DATA EXCERPT:
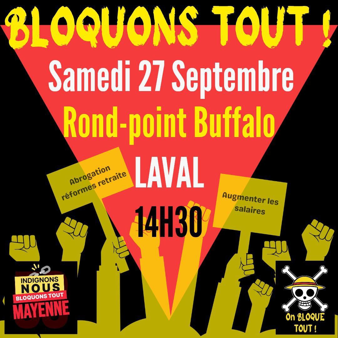 Accueil > Groupe géolocalisés > France > PAYS DE LA LOIRE > 53 - Mayenne > Rassemblement 27/09 14h30 Rond-point Buffalo LAVAL
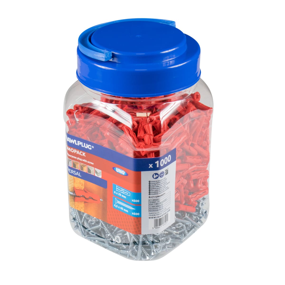 | Product Name | RAWLPLUG Uno Plugs 6mm Red Jar of 1000 |
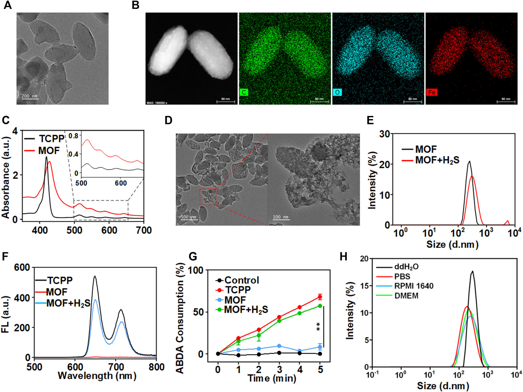 Characterization of MOF. (A) TEM image (scale bar: 200 nm). (B) Elemental mapping of MOF (scale bar: 50 nm). (C) UV−vis spectra of MOF and TCPP. (D) The TME of H2S-triggered bio-decomposition of MOF. (E) The hydrodynamic size of MOF with different conditions. (F) Fluorescence spectra of TCPP, MOF and MOF with NaHS. (G) Consumption rates of ABDA with different composites under 660 nm laser irradiation (50 mW cm−2) within 5 min (H) DLS measurement of MOF in different media.
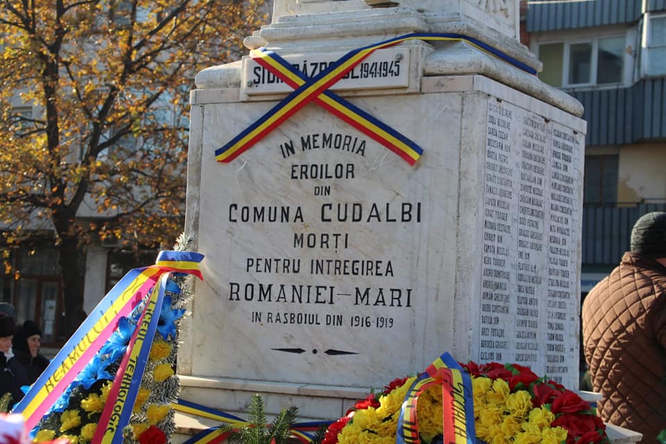 „A dat domnu sa apara un brad în Cudalbi de sărbătorile de iarnă! Felicitări Domnului Primar! Ce-i care aveti neamuri, bunici, stra-bunici, antichități si alte specii scrise pe monument si va deranjează, luati-i acasa!”

DIRECTIONS FOR THIS TASK:
With the pictures removed, write the listing out word for word.

SOLUTION FOR THIS PROBLEM:
 Accueil > Groupe géolocalisés > France > PAYS DE LA LOIRE > 53 - Mayenne > Rassemblement 27/09 14h30 Rond-point Buffalo LAVAL
 | Product Name | RAWLPLUG Uno Plugs 6mm Red Jar of 1000 |
 Characterization of MOF. (A) TEM image (scale bar: 200 nm). (B) Elemental mapping of MOF (scale bar: 50 nm). (C) UV−vis spectra of MOF and TCPP. (D) The TME of H2S-triggered bio-decomposition of MOF. (E) The hydrodynamic size of MOF with different conditions. (F) Fluorescence spectra of TCPP, MOF and MOF with NaHS. (G) Consumption rates of ABDA with different composites under 660 nm laser irradiation (50 mW cm−2) within 5 min (H) DLS measurement of MOF in different media.
 „A dat domnu sa apara un brad în Cudalbi de sărbătorile de iarnă! Felicitări Domnului Primar! Ce-i care aveti neamuri, bunici, stra-bunici, antichități si alte specii scrise pe monument si va deranjează, luati-i acasa!”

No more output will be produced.